Tasks were unproctored, and completed remotely on students’ electronic devices that were compatible with the PCIbex computerized program. To ensure sound quality, there was a pre-session recording to quality-check environment before the actual tasks, and participants were instructed to be in a quiet space with minimal background noise and no distractions for the duration of the study. During the verbal fluency task, students were instructed that they would have 60 s to list as many words as possible, which either started with a specific letter or fell within a specific category. They were given the defined category (“Animals”) or letter (“F”) prompt at the exact moment the timer started to avoid any ability to formulate a list of responses prior to commencing. Once the 60 s was complete, the recording was automatically stopped, and they moved on to the next task until the study was complete. Recordings and metadata were automatically uploaded into a secure Amazon Web Services bucket. Once concluded, the recordings and metadata were gathered by the Linguistic Data Consortium for further analysis and processing.

2.3. Data processing and measurements

Recordings were orthographically transcribed by trained annotators with a standard protocol of the University of Pennsylvania’s Linguistic Data Consortium and processed through a quality check by senior annotators. Transcripts and recordings were then automatically forced-aligned using a modified version of Penn Phonetics forced aligner (Jiahong and Liberman, 2008) and manually validated for accuracy using Audacity® software. When reviewing the alignment outputs, we checked that animals listed with two or more words (e.g., “polar bear,” “black bear,” “blue jay”) were counted as one expression and not mistaken for two unassociated words or multiple repetitions, leading to exclusion from the total score. In order to automatically process the data, we adopted the automated pipeline that calculated the number of correct responses and rated several lexical measures for each correct response for the letter fluency (Cho et al., 2021; available at https://github.com/csunghye/letter_fluency_pipeline) and built a similar automated pipeline for the category fluency (available at https://github.com/csunghye/category_fluency). For letter fluency, the pipeline tagged all words for their part-of-speech categories using spaCy (Honnibal and Johnson, 2015), and counted all words starting with “f,” but excluding repetitions, proper nouns (e.g., “Fanta,” PROPN in spaCy), and numbers (e.g., “five,” NUM in spacy) from the participant’s total score. For category fluency, WordNet (Fellbaum, 2005), a lexical database which offers semantic relationships between words within specific categories, including animals, was used from the textblob package (Loria, 2018) in Python to automatically count the number of correct responses (hyponyms of “animal”) of the animal fluency task. Phrases which did not include animals or F-letter words (e.g., “I cannot think of anything else”) were excluded in scoring and in automated analysis of speech features within the tasks.

Our pipelines automatically measured acoustic features and tagged words for various lexical measures over the time course of each fluency task. Forced-alignment timestamps marked the word start time and the word end time. Two acoustic measures were calculated: (1) word duration (seconds) was calculated by the difference between the beginning and ending of a word, and (2) inter-word RT, calculated as the difference between word start time and its antecedent’s end time. RTs were calculated between valid words, so fillers (e.g., “hmm” or “um”) and words that did not fall into the given category were omitted.
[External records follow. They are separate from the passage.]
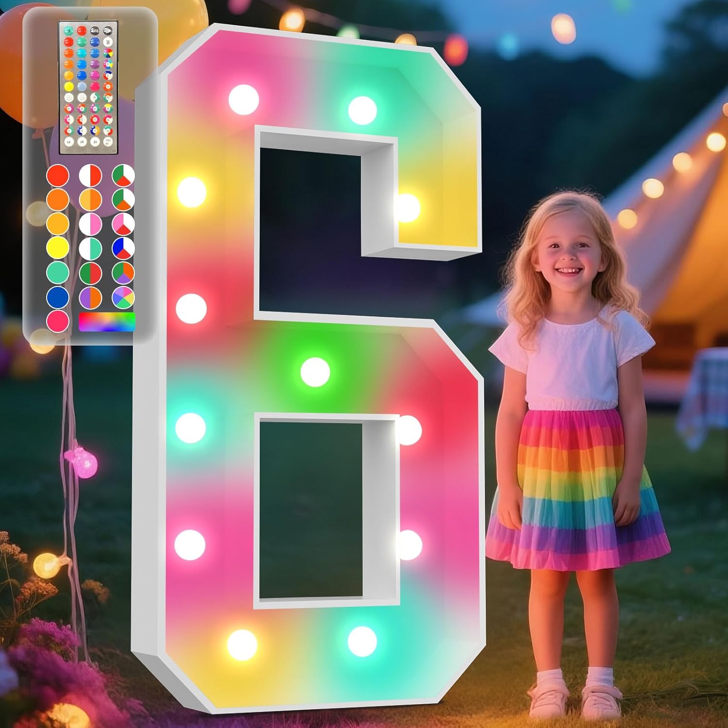 Ledido 4FT Marquee Light Up Numbers, 34 Colors Changing Marquee Numbers 4 Feet Tall with Remote, Big Numbers for Party Wedding Graduation Birthday Decoratoons, Large Light Up Number 6
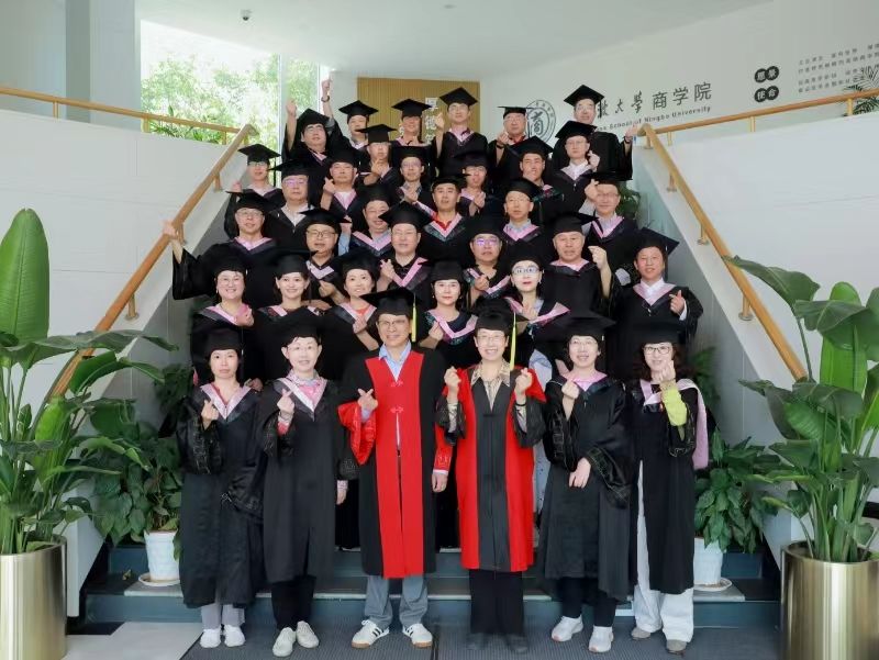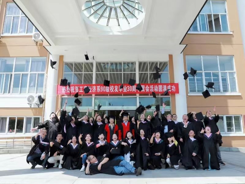 5月18日上午,90级工商经济系34位校友来到捷克论坛 大楼前,一起穿上学士服和当年的班主任应志芳老师、同学们念念不忘的邱妘老师合照留念,开启毕业三十年聚会。
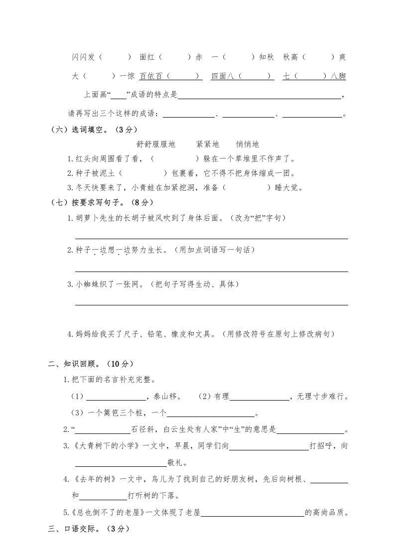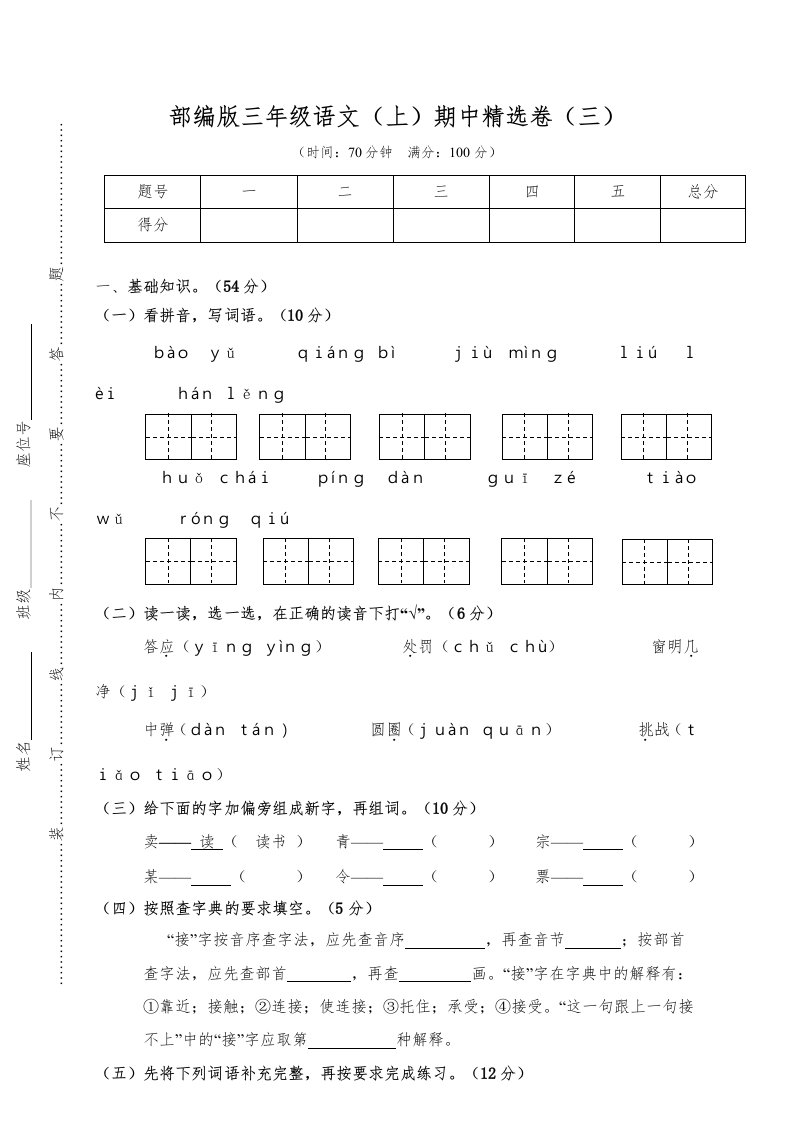 三年级语文上册3.期中精选卷(三)(部编版)_共7页

Using published norms, the algorithm automatically rated each valid word for the number of phonemes and 5 lexical measures: AoA as the average age a word is acquired (Brysbaert et al., 2018), semantic ambiguity as the number of different meanings which a word has in a context (Hoffman et al., 2013), frequency as count per million words in a large-scale corpus (Brysbaert and New, 2009), familiarity as the z-scored percentage of people who know what a given word is Brysbaert et al. (2018), and semantic concreteness as speakers’ judgment on how concrete a word referent is on a scale of one to five (Brysbaert et al., 2014). Further, semantic and phonetic distances were calculated between each pair of consecutive valid words by comparing each word to its antecedent. Semantic distance – how closely related two words are by meaning – was measured as the Euclidean distance between the 300-dimension word vector representations from GloVe (Pennington et al., 2014). Phonetic distance – the distance between pronunciation of two successive words – was measured by calculating the time-warped normalized Euclidean distance between 13 Mel-frequency Cepstrum Coefficients of the two consecutive words (Cho et al., 2021).

2.4. Statistical analysis

First, category and letter fluency task total scores were tested for normality using Shapiro–Wilk tests. Wilcoxon test compared total scores between the two fluency tasks since the category fluency scores were not normally distributed. We reported Spearman’s correlation between the total scores for the two fluency tasks. We tested the relation between total fluency score (dependent variable) and each averaged speech measure for each fluency task using linear regression models (total: n = 2 acoustic measures, n = 8 lexical-semantic measures). We tested if the relationship between averaged speech measures and total fluency scores differed by task (letter vs. category) using interactions (total score ~ mean lexical measure*task). ANOVAs compared the interaction models with the main-effects only models.

We compared the averaged speech measures between the two fluency tasks using paired Wilcoxon tests (mean speech measure ~ task).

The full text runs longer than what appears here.